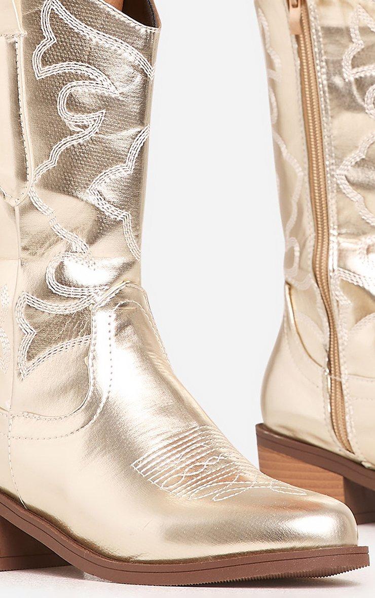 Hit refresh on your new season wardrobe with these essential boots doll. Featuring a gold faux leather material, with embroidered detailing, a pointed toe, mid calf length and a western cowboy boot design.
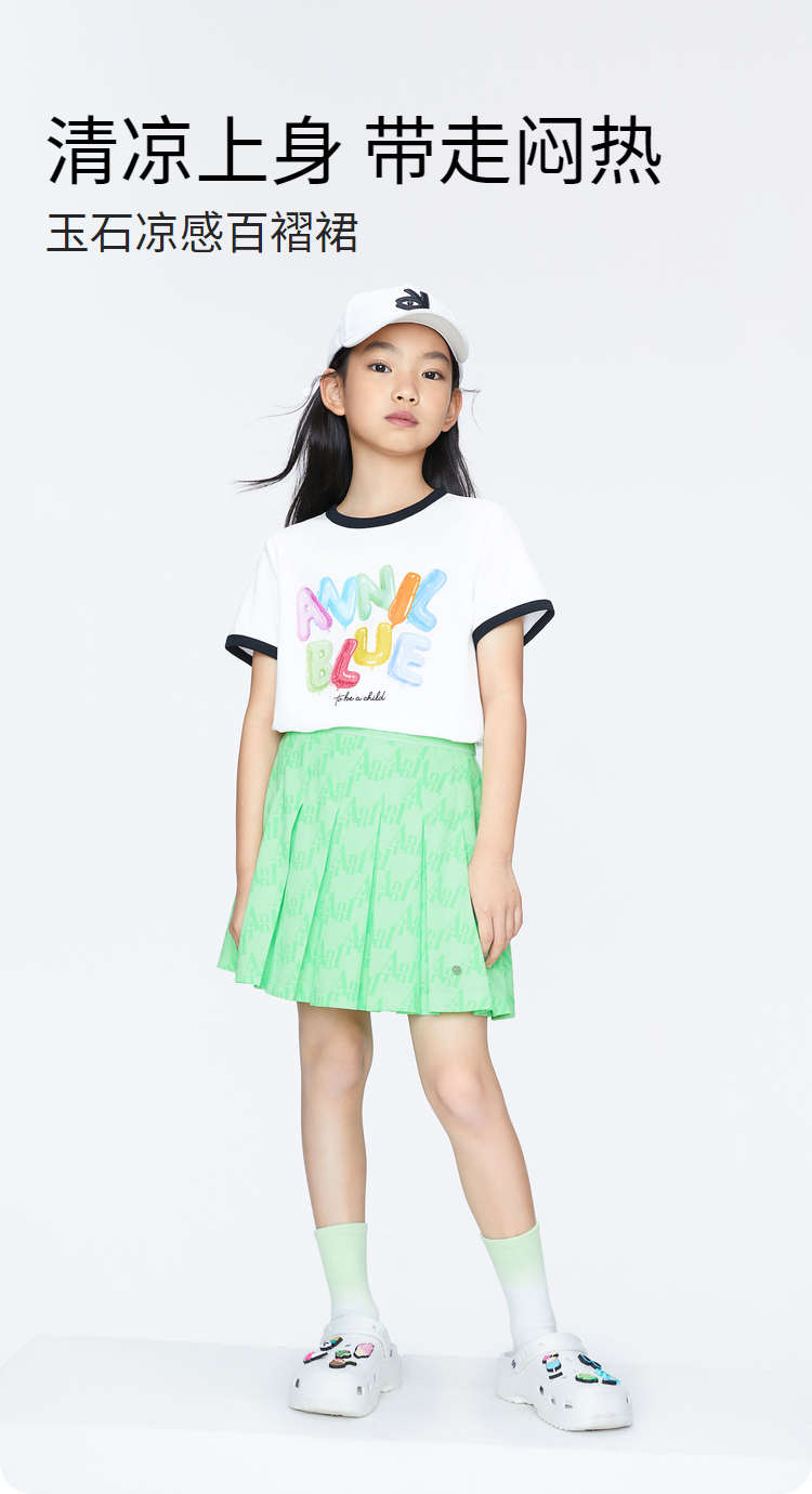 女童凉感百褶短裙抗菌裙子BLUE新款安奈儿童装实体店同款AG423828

========================

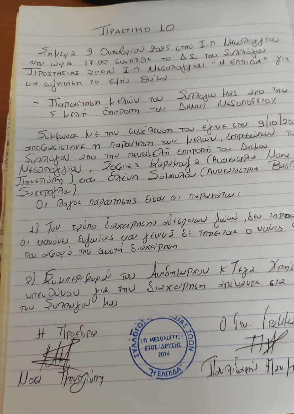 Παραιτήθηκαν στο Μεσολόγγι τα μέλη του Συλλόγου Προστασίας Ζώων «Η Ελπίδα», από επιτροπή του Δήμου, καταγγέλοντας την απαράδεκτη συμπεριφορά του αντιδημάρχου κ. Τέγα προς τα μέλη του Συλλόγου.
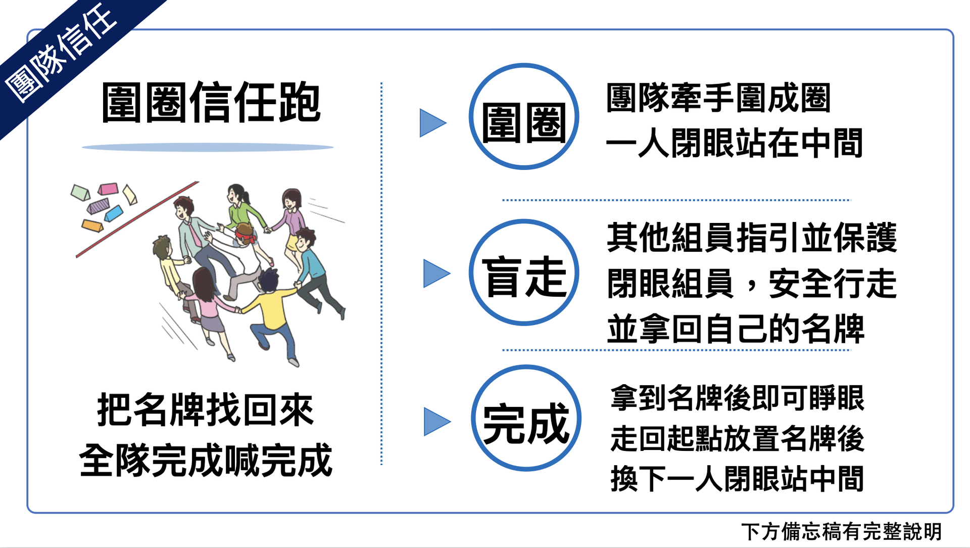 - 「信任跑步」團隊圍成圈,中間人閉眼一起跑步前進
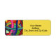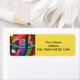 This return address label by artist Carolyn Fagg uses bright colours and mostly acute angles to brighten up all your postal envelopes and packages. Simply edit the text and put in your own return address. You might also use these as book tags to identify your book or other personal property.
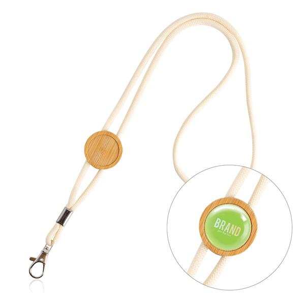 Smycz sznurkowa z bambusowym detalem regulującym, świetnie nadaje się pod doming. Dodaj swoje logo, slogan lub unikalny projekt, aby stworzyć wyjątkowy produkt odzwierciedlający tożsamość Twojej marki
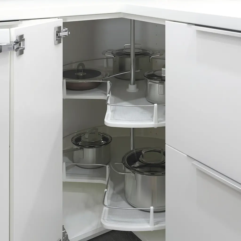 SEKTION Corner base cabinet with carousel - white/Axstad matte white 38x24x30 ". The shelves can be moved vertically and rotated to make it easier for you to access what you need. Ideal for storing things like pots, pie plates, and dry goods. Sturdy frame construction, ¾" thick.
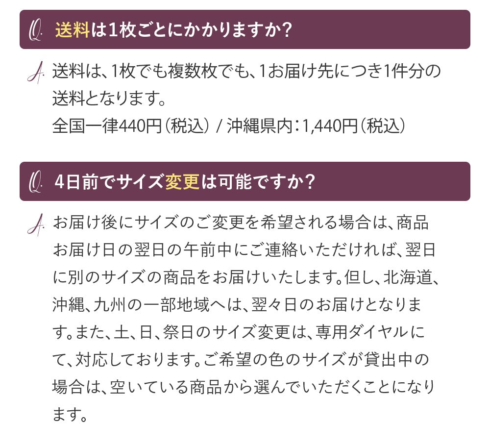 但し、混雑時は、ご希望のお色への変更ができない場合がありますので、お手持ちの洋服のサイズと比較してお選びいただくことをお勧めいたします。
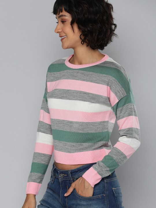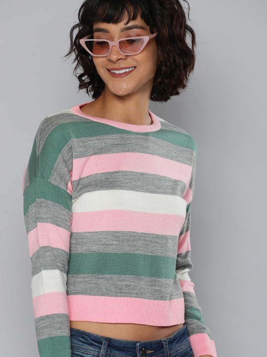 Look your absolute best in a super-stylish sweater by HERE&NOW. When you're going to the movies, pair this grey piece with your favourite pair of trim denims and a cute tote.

========================

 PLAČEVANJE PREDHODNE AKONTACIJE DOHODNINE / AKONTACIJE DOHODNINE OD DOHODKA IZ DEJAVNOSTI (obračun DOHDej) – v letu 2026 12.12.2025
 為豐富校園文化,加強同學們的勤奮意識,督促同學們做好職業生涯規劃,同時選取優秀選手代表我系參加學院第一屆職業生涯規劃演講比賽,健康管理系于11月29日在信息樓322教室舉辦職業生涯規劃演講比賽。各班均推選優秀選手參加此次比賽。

========================

[Assignment] A clean copy is needed of the lines above from the one with "This return address" up to and including the one with "但し、混雑時は、ご希望のお色". Please set it down exactly, with no pictures.

[Exercise answer]
 This return address label by artist Carolyn Fagg uses bright colours and mostly acute angles to brighten up all your postal envelopes and packages. Simply edit the text and put in your own return address. You might also use these as book tags to identify your book or other personal property.
 Smycz sznurkowa z bambusowym detalem regulującym, świetnie nadaje się pod doming. Dodaj swoje logo, slogan lub unikalny projekt, aby stworzyć wyjątkowy produkt odzwierciedlający tożsamość Twojej marki
 SEKTION Corner base cabinet with carousel - white/Axstad matte white 38x24x30 ". The shelves can be moved vertically and rotated to make it easier for you to access what you need. Ideal for storing things like pots, pie plates, and dry goods. Sturdy frame construction, ¾" thick.
 但し、混雑時は、ご希望のお色への変更ができない場合がありますので、お手持ちの洋服のサイズと比較してお選びいただくことをお勧めいたします。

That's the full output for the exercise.